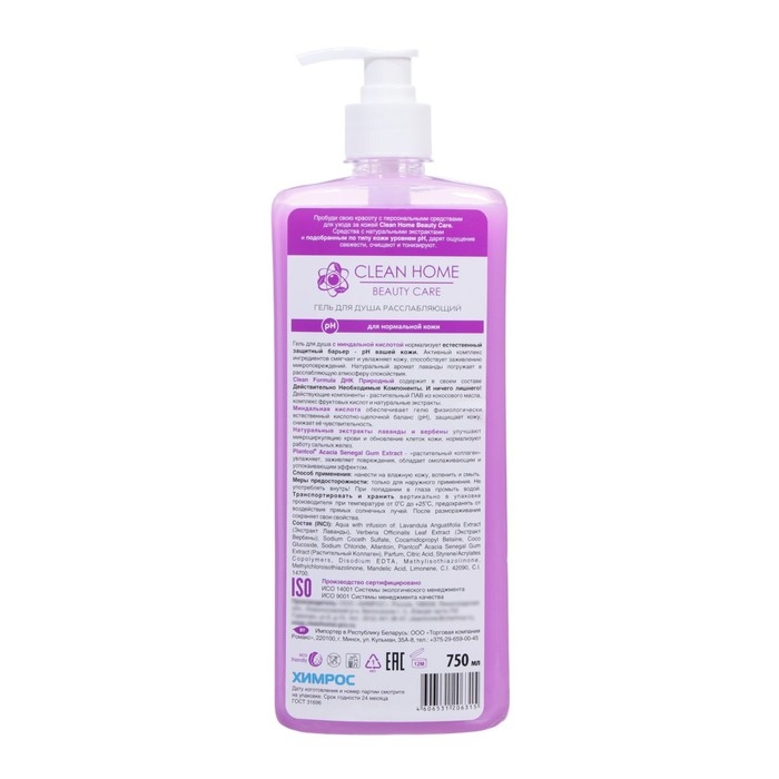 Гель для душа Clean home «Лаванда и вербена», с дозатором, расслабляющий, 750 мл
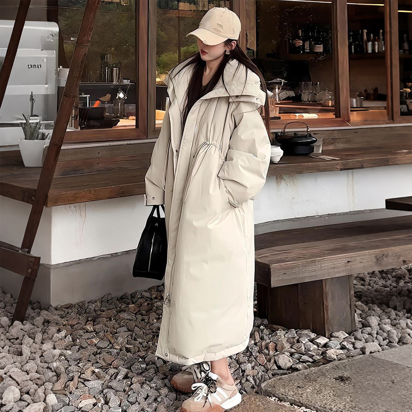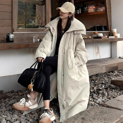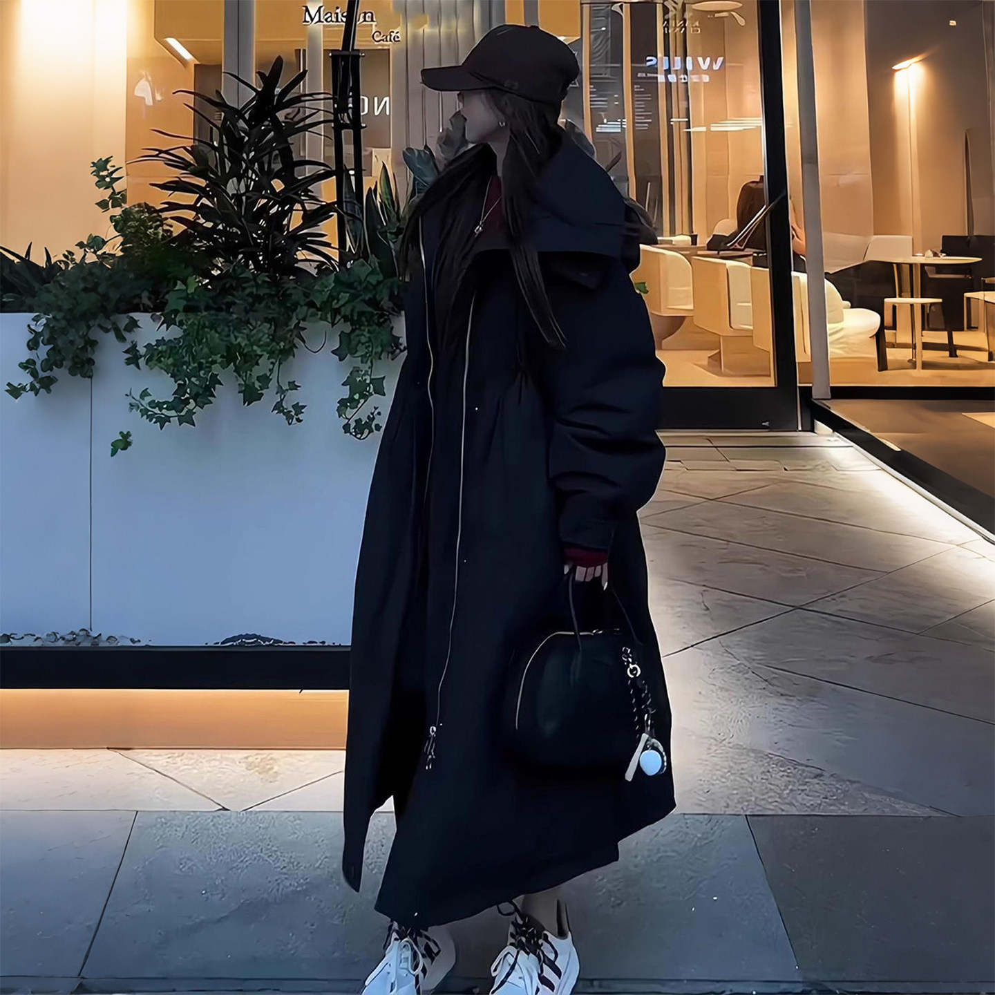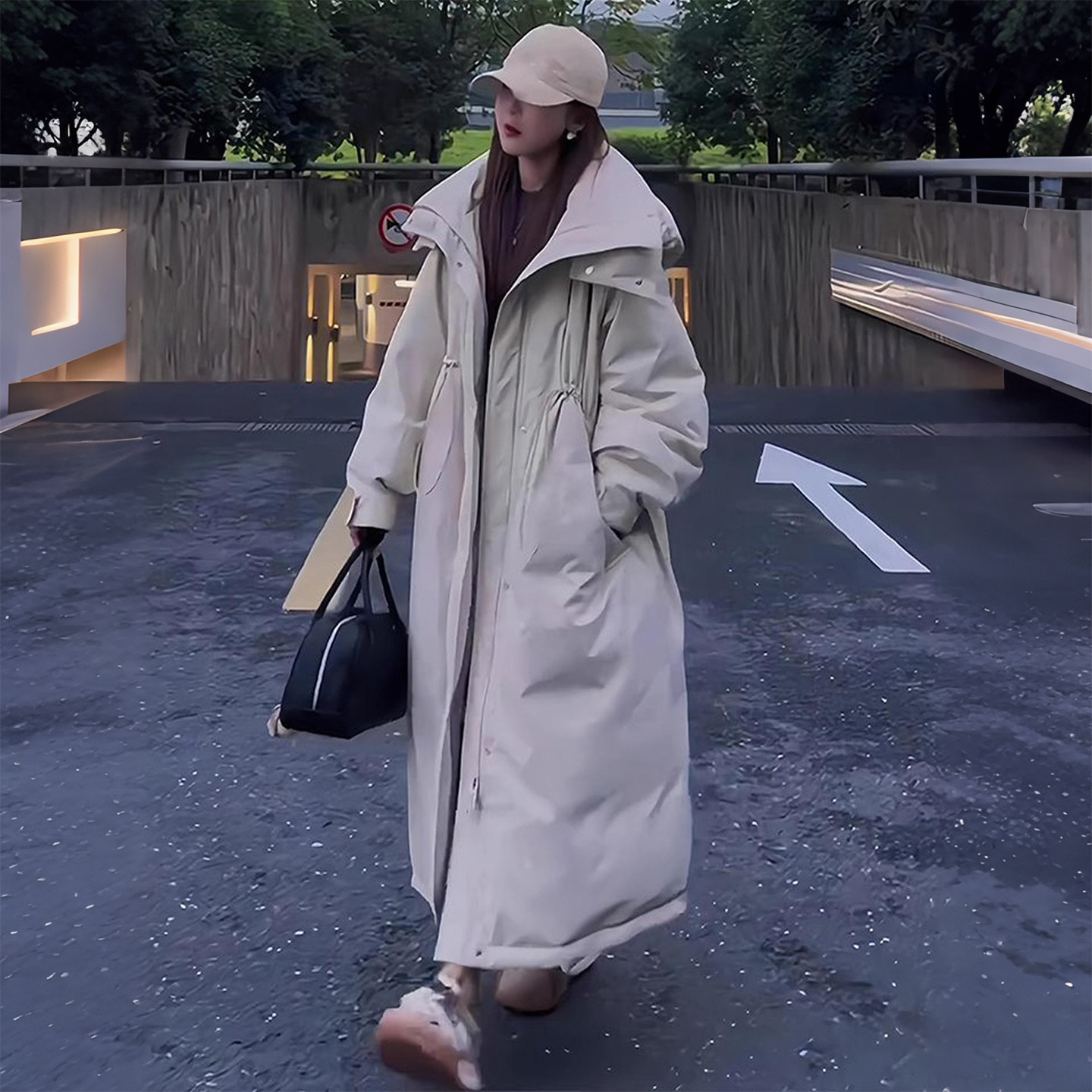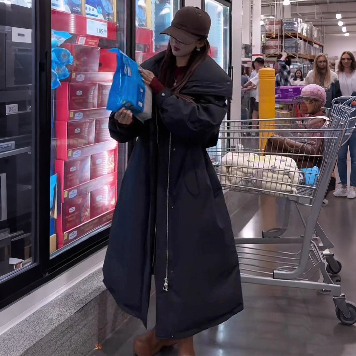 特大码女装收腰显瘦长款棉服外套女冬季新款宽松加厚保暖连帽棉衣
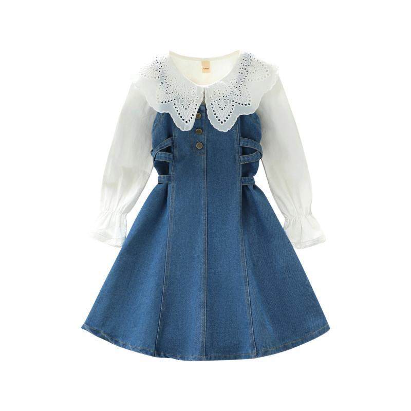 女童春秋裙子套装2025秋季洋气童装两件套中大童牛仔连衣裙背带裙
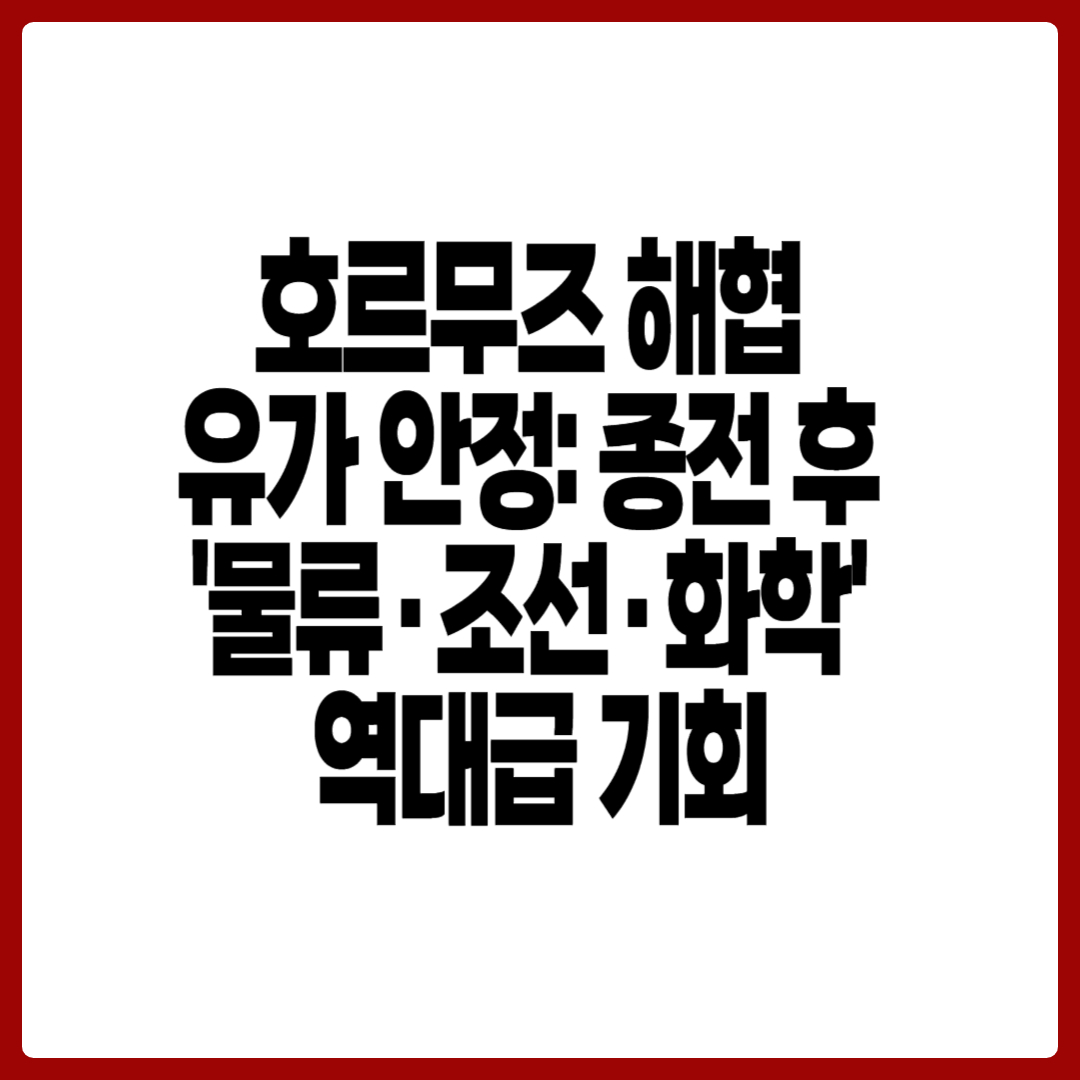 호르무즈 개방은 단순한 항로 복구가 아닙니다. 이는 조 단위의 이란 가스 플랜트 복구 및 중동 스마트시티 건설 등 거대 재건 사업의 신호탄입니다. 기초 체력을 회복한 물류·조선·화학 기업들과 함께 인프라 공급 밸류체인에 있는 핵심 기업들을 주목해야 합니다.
____
** TASK DESCRIPTION **
Set down exactly, line for line, the data from the line that contains "特大码女装收腰显瘦长款棉服外套女冬季新款宽松加厚保暖连帽棉衣" through its last line, keeping pictures out.

** RESPONSE TO THE TASK **
 特大码女装收腰显瘦长款棉服外套女冬季新款宽松加厚保暖连帽棉衣
 女童春秋裙子套装2025秋季洋气童装两件套中大童牛仔连衣裙背带裙
 호르무즈 개방은 단순한 항로 복구가 아닙니다. 이는 조 단위의 이란 가스 플랜트 복구 및 중동 스마트시티 건설 등 거대 재건 사업의 신호탄입니다. 기초 체력을 회복한 물류·조선·화학 기업들과 함께 인프라 공급 밸류체인에 있는 핵심 기업들을 주목해야 합니다.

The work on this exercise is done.